Entre le XVIe et le XVIIe siècle, avec la gravure sur cuivre, le relief est traité conventionnellement par alignement de taupinières, parfois rehaussées de touches de couleur ocre, qui ne donnent en réalité aucune idée de la surface, de la hauteur ou de la pente d’une montagne. On trouve une illustration de ce mode de figuration du relief en 1638 sur la carte du gouvernement de Réalmont de Tassin (1 FI 222 / 4, document 29 de l'exposition virtuelle) ou encore en 1683 dans la carte du diocèse de Lavaur de Jean Trinquier (1 FI 351 / 8, document 22 de l'exposition virtuelle).

 

Au XVIIe siècle, les progrès de l’orographie s’affirment dans les cartes de guerre topographiques. Le relief est ici dessiné en silhouette, défini d’après une convention de perspective cavalière, comme sur le plan des fortifications de Roquecourbe, où apparaît en partie haute une impressionnante butte longitudinale dans le méandre de l’Agout (1 FI 227 / 2).

 

Elles ont cependant le défaut de ne montrer qu’un côté du mouvement du sol, et de masquer les plans éloignés par les premiers plans. L’évolution qui conduit les ingénieurs militaires à lever des plans de places fortes, amène à représenter le terrain selon sa projection horizontale. Cette technique ne peut cependant être utilisée que pour des régions au faible relief, et un compromis entre projection cavalière et horizontale est alors nécessaire pour les paysages plus accentués, par exemple pour la carte du gouvernement de Castres (1 FI 65 / 5 ).

 

La carte de Cassini (1 FI 352 / 1 à 10, dont document 12 et document 32 de l'exposition virtuelle) renonce à cette perspective cavalière et rapproche la définition du terrain de la projection horizontale. Les mouvements se modèlent à l’aide de hachures d’autant plus épaisses que la pente est forte. Il est évident que dans la plupart des cas les ingénieurs et graveurs renoncèrent à décrire convenablement le relief.
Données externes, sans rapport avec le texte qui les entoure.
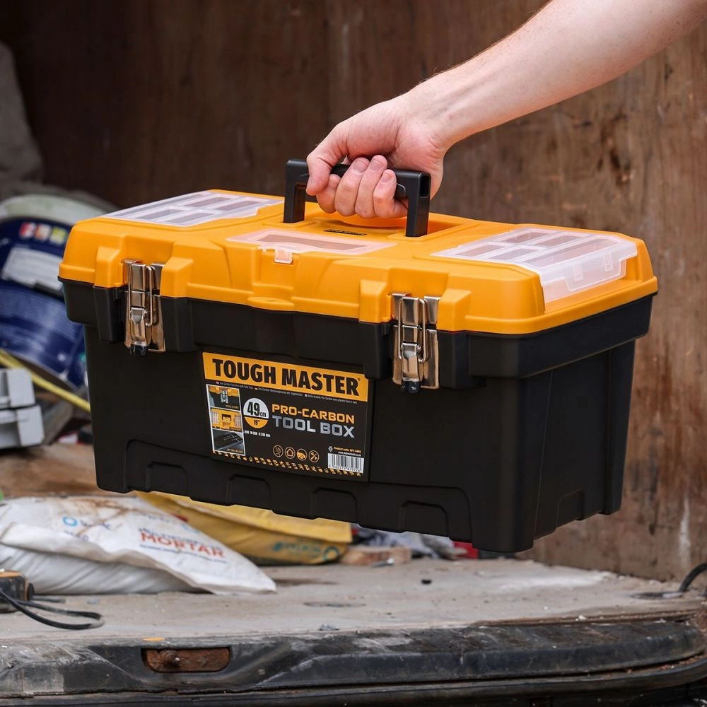 Boîte à outils en plastique TOUGH MASTER, taille moyenne, 26 x 49 x 24,6 cm, avec étagère, compartiments amovibles, compartiment intérieur, serrure ( UPT-4006 )
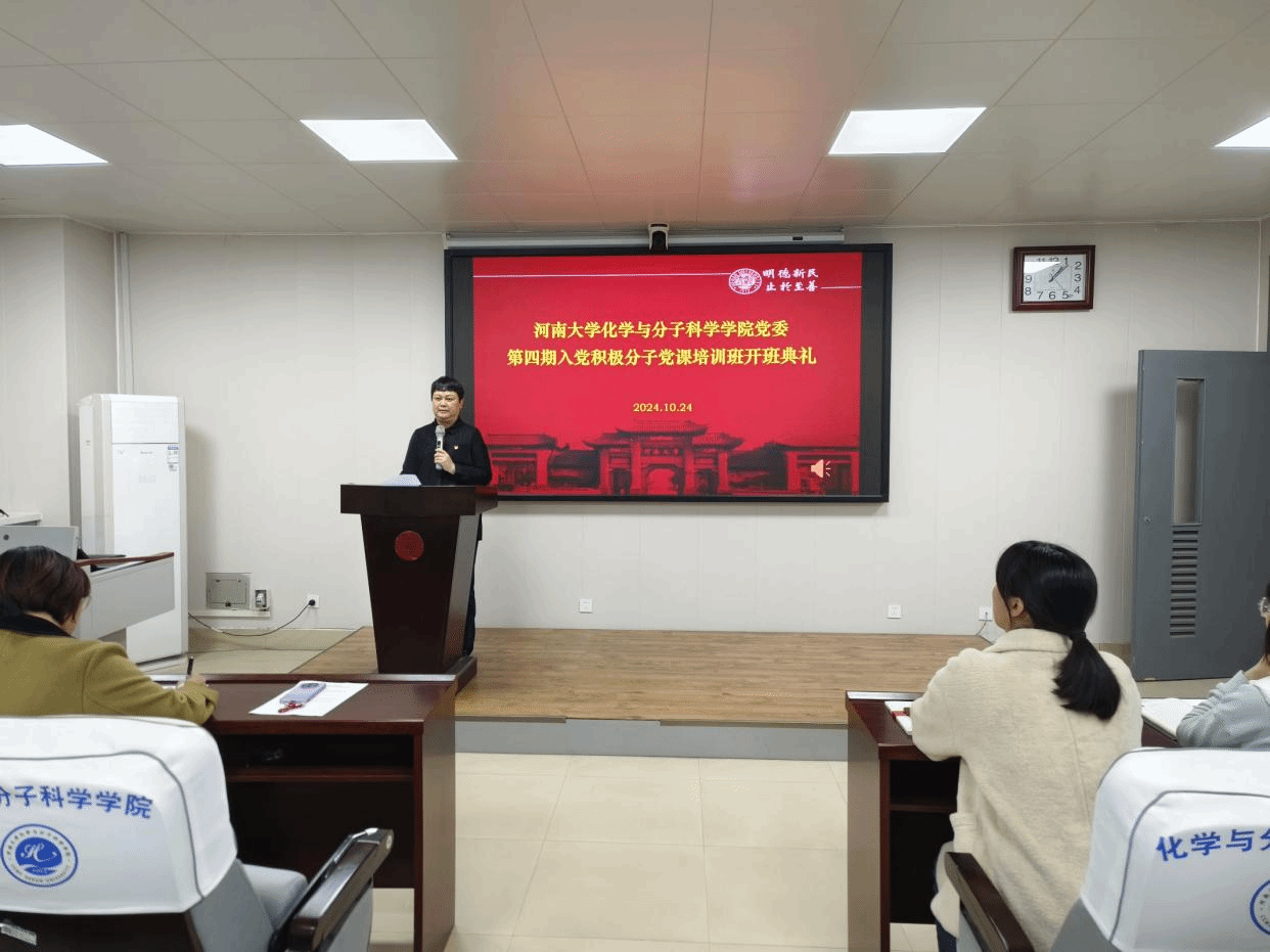 常凤香作动员讲话。她向学员们提出三点期望:一是系统学习中国共产党章程、性质、宗旨等党的基本原理,明确党员的权利与义务,并将所学理论投入实践,与人生的规划紧密结合。二是希望学员端正入党动机,增强社会责任感和使命感,在社会需要自己的时候冲锋在前,为学校、社会与国家做出奉献。三是号召学员们要起到模范带头作用,筑牢知识基础,积极交流沟通,提升综合能力。她表示,学院向来高度重视入党积极分子党课培训课程,旨在加强入党积极分子的思想教育和党性锻炼,培养更多的党员后备力量,为学院的发展注入新的动力和活力。

Cassini en avait à ce titre fait lui-même l’aveu en ne prétendant pas faire de la topographie : « … pour la topographie qui offre la description détaillée et scrupuleuse de la confirmation du terrain et du contour exact des vallées, des montagnes, des coteaux… c’est une partie de la géographie tellement étendue, si minutieuse, si longue et si coûteuse dans l’exécution qu’elle ne peut être entreprise dans une carte générale ». Les courbes de niveau, précises et justes, ne furent utilisées pendant très longtemps que pour l’étude des fonds marins afin de garantir la sécurité aux navires longeant les côtes. C’est en 1782, que Carla, dans expression des nivellements transpose ce système aux cartes terrestres. Le manque de méthode des levés ne permet cependant pas l’exploitation d’un tel procédé et il faudra attendre encore quelques décennies pour qu’il aboutisse.